Assignment:
Everything from the line with "Una vez recibamos" through the last line of the data below should be copied exactly, apart from the pictures.

Material provided:
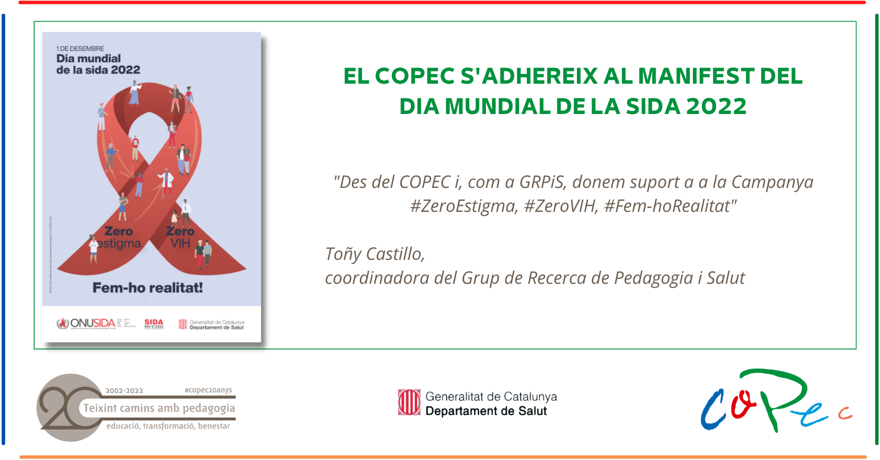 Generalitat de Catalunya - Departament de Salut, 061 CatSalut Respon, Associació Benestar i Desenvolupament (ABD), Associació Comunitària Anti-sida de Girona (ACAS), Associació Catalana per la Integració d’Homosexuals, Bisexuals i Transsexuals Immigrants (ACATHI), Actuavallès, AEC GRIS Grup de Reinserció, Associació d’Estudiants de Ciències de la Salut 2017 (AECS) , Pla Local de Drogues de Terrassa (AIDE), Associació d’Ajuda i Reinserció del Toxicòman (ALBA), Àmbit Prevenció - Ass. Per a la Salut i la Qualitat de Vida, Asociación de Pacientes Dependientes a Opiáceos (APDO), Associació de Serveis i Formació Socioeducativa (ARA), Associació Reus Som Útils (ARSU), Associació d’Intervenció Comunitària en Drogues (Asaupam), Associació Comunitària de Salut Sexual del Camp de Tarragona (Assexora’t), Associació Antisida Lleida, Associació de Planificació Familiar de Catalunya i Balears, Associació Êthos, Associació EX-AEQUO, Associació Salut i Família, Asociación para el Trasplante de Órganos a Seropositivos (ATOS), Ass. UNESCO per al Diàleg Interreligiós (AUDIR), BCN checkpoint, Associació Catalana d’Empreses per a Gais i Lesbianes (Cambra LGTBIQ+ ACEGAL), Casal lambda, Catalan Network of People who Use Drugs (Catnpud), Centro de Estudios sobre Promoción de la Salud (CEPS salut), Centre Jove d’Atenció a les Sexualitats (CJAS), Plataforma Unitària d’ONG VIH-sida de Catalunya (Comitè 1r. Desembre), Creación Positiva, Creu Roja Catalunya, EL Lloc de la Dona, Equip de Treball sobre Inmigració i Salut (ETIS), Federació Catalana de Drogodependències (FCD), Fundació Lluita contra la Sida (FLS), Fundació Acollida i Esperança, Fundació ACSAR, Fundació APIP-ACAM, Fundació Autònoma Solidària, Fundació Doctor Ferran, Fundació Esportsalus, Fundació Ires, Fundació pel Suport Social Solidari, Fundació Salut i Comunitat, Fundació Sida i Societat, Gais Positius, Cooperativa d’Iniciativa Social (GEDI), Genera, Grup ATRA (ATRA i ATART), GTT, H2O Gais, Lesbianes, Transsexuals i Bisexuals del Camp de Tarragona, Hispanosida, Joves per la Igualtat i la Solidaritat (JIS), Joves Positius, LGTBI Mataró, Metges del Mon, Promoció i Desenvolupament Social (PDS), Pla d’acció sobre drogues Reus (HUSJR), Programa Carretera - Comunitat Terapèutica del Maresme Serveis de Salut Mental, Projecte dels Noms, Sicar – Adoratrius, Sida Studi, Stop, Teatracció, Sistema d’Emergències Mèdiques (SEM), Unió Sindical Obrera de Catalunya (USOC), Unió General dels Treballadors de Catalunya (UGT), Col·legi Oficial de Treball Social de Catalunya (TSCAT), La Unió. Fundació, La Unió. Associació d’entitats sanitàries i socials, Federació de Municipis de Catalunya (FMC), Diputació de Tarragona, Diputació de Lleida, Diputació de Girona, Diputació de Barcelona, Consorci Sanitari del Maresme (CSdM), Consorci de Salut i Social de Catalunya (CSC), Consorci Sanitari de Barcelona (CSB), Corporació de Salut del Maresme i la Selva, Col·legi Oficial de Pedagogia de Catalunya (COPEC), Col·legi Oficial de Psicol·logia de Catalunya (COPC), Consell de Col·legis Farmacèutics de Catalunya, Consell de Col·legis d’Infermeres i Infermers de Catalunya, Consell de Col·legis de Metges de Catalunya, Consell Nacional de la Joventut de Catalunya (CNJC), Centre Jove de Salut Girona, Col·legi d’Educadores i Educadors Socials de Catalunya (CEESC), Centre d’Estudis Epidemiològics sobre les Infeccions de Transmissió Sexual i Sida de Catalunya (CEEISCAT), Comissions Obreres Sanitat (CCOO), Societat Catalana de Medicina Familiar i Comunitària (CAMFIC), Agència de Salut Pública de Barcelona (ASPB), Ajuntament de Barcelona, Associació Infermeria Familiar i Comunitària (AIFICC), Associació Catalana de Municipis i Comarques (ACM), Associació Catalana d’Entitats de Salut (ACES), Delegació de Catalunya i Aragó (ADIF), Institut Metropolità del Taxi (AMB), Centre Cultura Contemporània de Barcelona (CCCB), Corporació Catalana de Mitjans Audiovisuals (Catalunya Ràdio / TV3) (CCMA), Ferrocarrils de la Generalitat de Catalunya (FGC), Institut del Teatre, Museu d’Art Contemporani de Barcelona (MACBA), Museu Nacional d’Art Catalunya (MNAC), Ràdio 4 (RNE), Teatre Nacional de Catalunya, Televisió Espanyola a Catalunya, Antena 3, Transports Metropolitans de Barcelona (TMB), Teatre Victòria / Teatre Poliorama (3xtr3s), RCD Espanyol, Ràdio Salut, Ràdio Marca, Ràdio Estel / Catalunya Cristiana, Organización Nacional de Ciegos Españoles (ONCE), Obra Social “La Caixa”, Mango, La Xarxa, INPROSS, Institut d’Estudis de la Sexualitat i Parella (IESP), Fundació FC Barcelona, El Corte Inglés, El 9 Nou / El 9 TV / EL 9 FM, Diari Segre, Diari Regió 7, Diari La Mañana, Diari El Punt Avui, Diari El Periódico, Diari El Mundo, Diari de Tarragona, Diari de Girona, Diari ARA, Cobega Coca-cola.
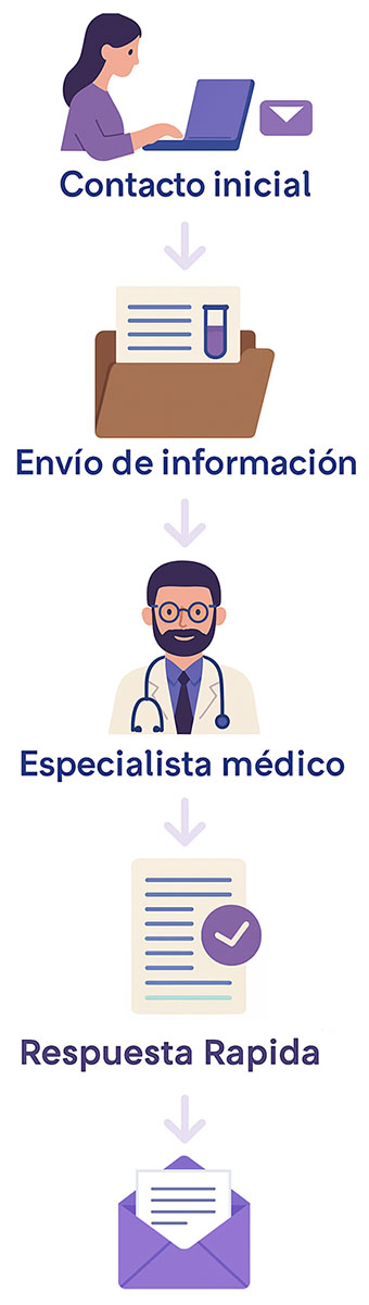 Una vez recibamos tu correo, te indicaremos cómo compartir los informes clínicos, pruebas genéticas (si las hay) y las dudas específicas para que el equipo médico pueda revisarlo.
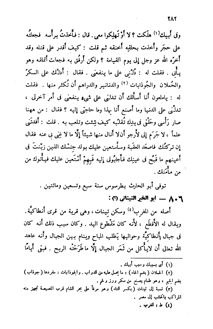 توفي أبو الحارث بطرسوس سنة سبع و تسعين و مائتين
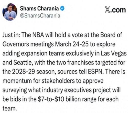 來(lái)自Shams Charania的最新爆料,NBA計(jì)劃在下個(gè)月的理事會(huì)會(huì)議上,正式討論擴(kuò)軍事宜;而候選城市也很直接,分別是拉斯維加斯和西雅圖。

The completed task:
 Una vez recibamos tu correo, te indicaremos cómo compartir los informes clínicos, pruebas genéticas (si las hay) y las dudas específicas para que el equipo médico pueda revisarlo.
 توفي أبو الحارث بطرسوس سنة سبع و تسعين و مائتين
 來(lái)自Shams Charania的最新爆料,NBA計(jì)劃在下個(gè)月的理事會(huì)會(huì)議上,正式討論擴(kuò)軍事宜;而候選城市也很直接,分別是拉斯維加斯和西雅圖。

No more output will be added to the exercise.